Iklan - Scroll untuk Melanjutkan
Baca artikel IDN Times lainnya di IDN App
Starlink
Starlink (starlink.com)

Intinya sih...

  • Kecepatan Starlink menurun drastis dalam setahun

  • FWA unggul dibandingkan Starlink dalam kualitas koneksi

  • Starlink menunjukkan performa unggul di wilayah Indonesia Timur

Disclaimer: This summary was created using Artificial Intelligence (AI)
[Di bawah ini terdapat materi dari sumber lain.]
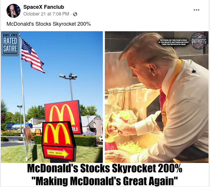 Report McDonald's Stock 'Skyrocketed' After Trump Visited PA Location Originated as 'Satire'
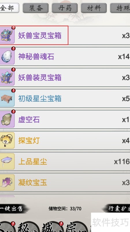 3、 打开行囊,点击妖兽宝灵宝箱即可。

Sebagaimana diketahui, Starlink resmi masuk ke Indonesia pada Mei 2024. Artinya, sudah lebih dari satu tahun Starlink beroperasi di Tanah Air. Elon Musk menjanjikan akan membawa konektivitas ke wilayah yang masih sulit terjangkau internet. Sayangnya, performa Starlink di Indonesia menunjukkan hasil yang jauh berbeda dari ekspektasi awal.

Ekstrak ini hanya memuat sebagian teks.